On Fri May 29, 2026 at 1:38 AM PDT, Seunghyeon Lee wrote:
> bpf: add DAG fast-path in verifier to skip redundant state pruning
>
> The BPF verifier's state-equivalence loop (is_state_visited /
> states_equal) dominates load time for programs with acyclic control
> flow graphs (DAGs). In a DAG, every instruction is reached via exactly
> one path: no state is ever revisited, making state-pruning comparisons
> mathematically vacuous.
>
> This RFC proposes three components:
>
> 1. compute_dag_topo() -- replaces a simple is_acyclic_dag() bool.
> Uses Kahn's algorithm (O(V+E), O(V) space, no recursion) to detect
> back-edges AND preserve the topological visit order for use in (2).
> Handles BPF_JMP32, BPF_LD_IMM64 wide instructions, and falls back
> conservatively on BPF-to-BPF subprogram calls.
>
> 2. do_check_dag() -- fast-path verifier for confirmed-DAG programs.
> Critical correctness property: maintains a per-instruction state
> table (states[insn_cnt]) and, at every join point (in_degree > 1),
> calls merge_verifier_state() to conservatively merge all incoming
> paths BEFORE processing the instruction.
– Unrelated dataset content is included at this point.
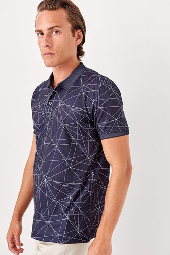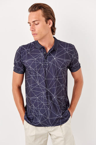 Black Men Printed New Polo Collar T-Shirt

This ensures the verifier
> never sees a register as initialized when any predecessor path left
> it NOT_INIT.
>
> Skips is_state_visited() / states_equal() entirely; provably safe
> because topological order guarantees each instruction is processed
> exactly once.
>
> 3. Full fallback: if compute_dag_topo() returns NULL (cyclic program,
> subprog, or allocation failure), or if do_check_dag() returns an
> error, the unmodified do_check() runs unchanged.
>
> Register-state correctness at join points
> -----------------------------------------
> When paths A and B converge at instruction N, the verifier must hold
> the least precise state that is safe for both paths.
>
> Path A arrives at insn N: R2 = scalar [0, 5]
> Path B arrives at insn N: R2 = NOT_INIT
> merge_verifier_state() result: R2 = NOT_INIT
> -> verifier correctly rejects any use of R2 at N
>
> Without this merge (a flaw in naive linear-scan approaches), the
> verifier would see only the state from whichever path was processed
> last in memory order, potentially accepting a program that
> dereferences an uninitialized register at runtime.
>
> RFC design question:
> --------------------
> do_check_dag()'s inner per-instruction verification step requires
> calling into do_check()'s inner loop logic, which is not currently
> factored as a callable sub-function. We propose two integration
> options and request maintainer guidance:
>
> Option A: Extract a verify_one_insn() helper from do_check()'s
> inner loop; do_check_dag() calls it per topological step.

Specializing the verifier for DAG only case is not interesting.
Almost all programs now contain loops.
But the approach to use do_check_insn() as a transfer function
in the data flow analysis is totally viable.
I've been prototyping such transfer + join verifier for some time.
Will share soon. What merge_verifier_state() does is a key.